Funding pressures to ease for Gulf banks in 2017: Moody’s

15/03/2017 Argaam

Funding conditions for the GCC banking sector will improve this year, driven by oil price stabilization, large international sovereign debt issuances, and lower credit growth, Moody's Investors Service said in a report on Wednesday.
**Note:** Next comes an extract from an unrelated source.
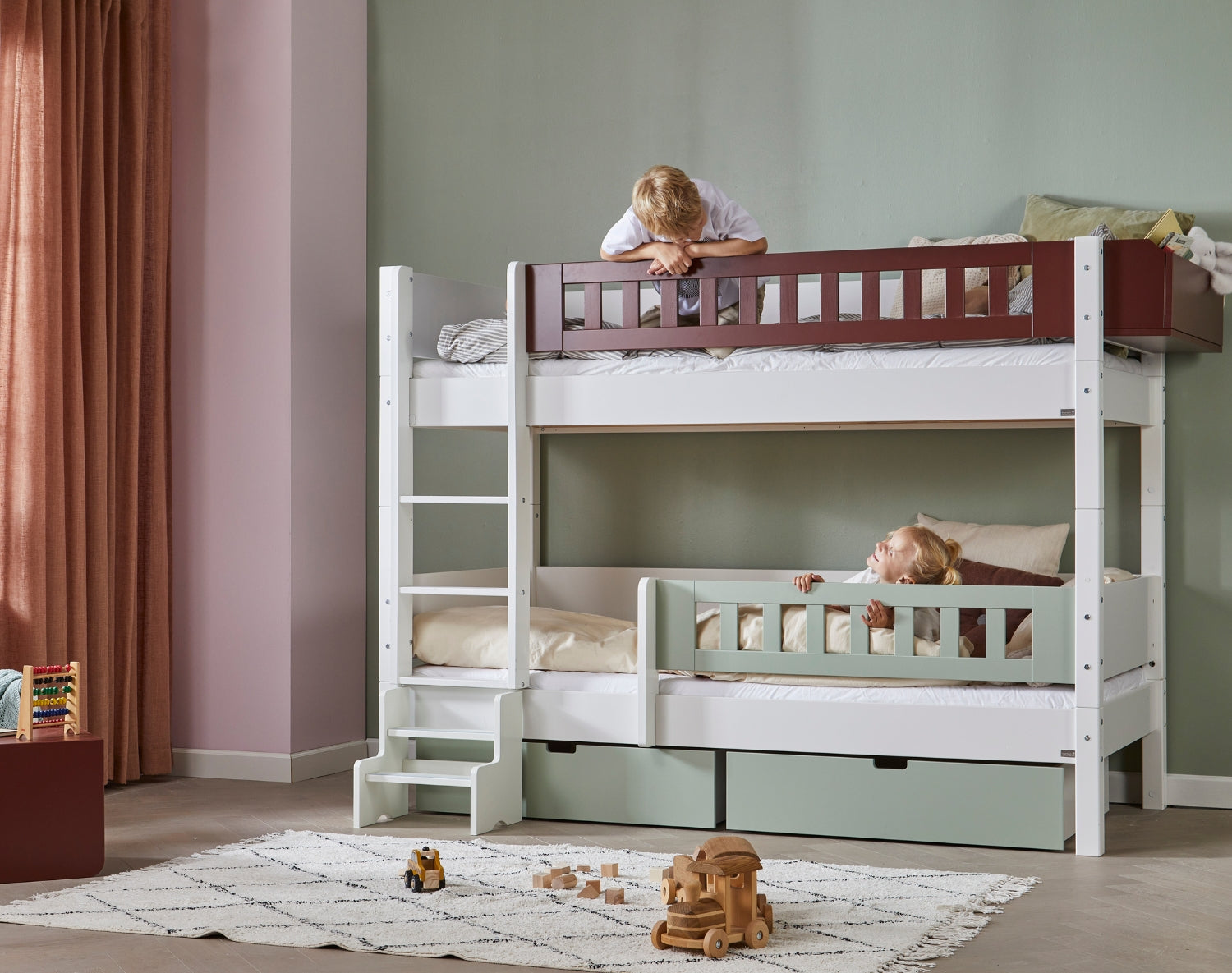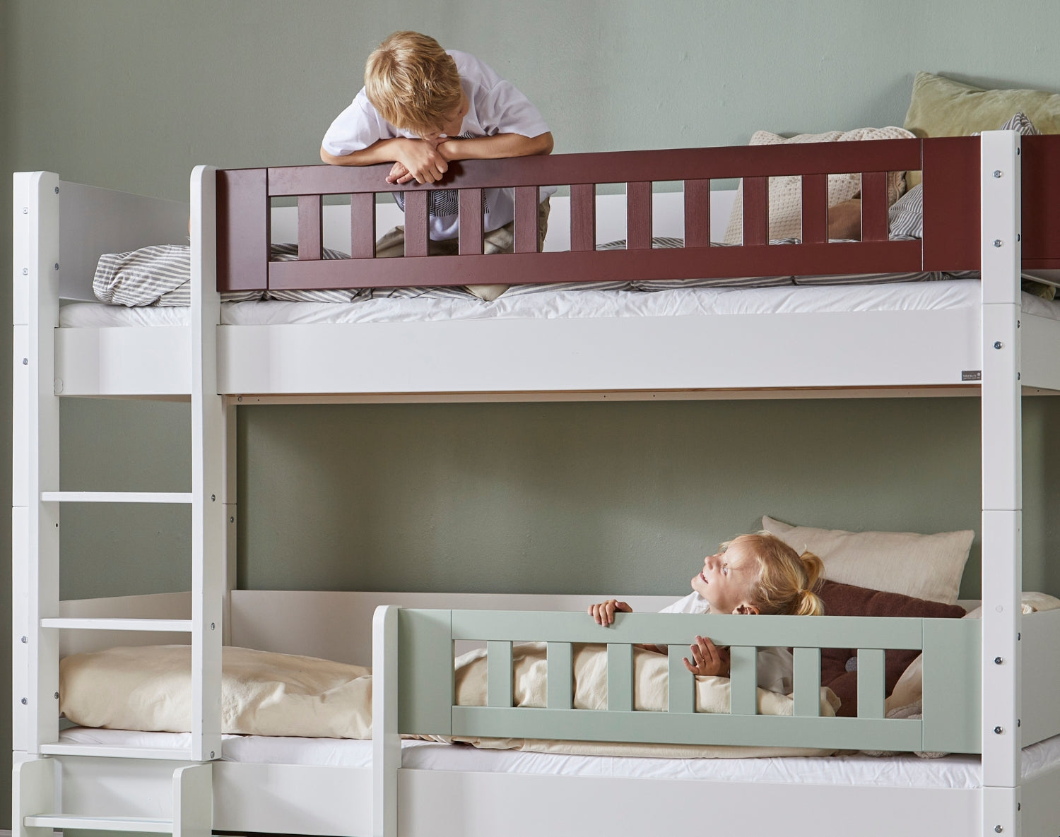 When the children's room needs to accommodate both sleep, play and socializing, the Hoder bunk bed is the ideal solution. A beautiful and functional bunk bed with both a side rail and backrest (backrest on both the upper and lower bunk) – designed with consideration for families where the space must be utilized with love and creativity.

“Price stabilization between $40 and $60 per barrel will improve oil revenues, supporting government and corporate deposits in the region's banking systems. International debt issuance will also support deposits,” the rating agency said.

 

Meanwhile, slower economic growth will subdue lending activity and reduce funding pressure for banks.

 

Banks in Oman and Qatar will benefit the most from easing funding conditions, followed by lenders in Saudi Arabia and the United Arab Emirates.

 

Funding pressures are expected to ease in Saudi Arabia after the kingdom paid nearly $28 billion to contractors by the end of 2016, said Mik Kabeya, analyst at Moody's.

 

Saudi banks will maintain high liquidity buffers going forward, he added.

 

Elsewhere in the region, funding conditions in the United Arab Emirates – where the loan-to-deposit ratio stood at 94 percent at June 2016 – are also likely to stabilize.

 

Bahraini and Kuwaiti banks, meanwhile, will continue to have the strongest funding and liquidity profiles in the region, Kabeya added.

 

Kuwait’s banking sector will remain deposit funded and well-cushioned by liquid assets, while Bahraini lenders will maintain one of the strongest funding and liquidity profiles in the region.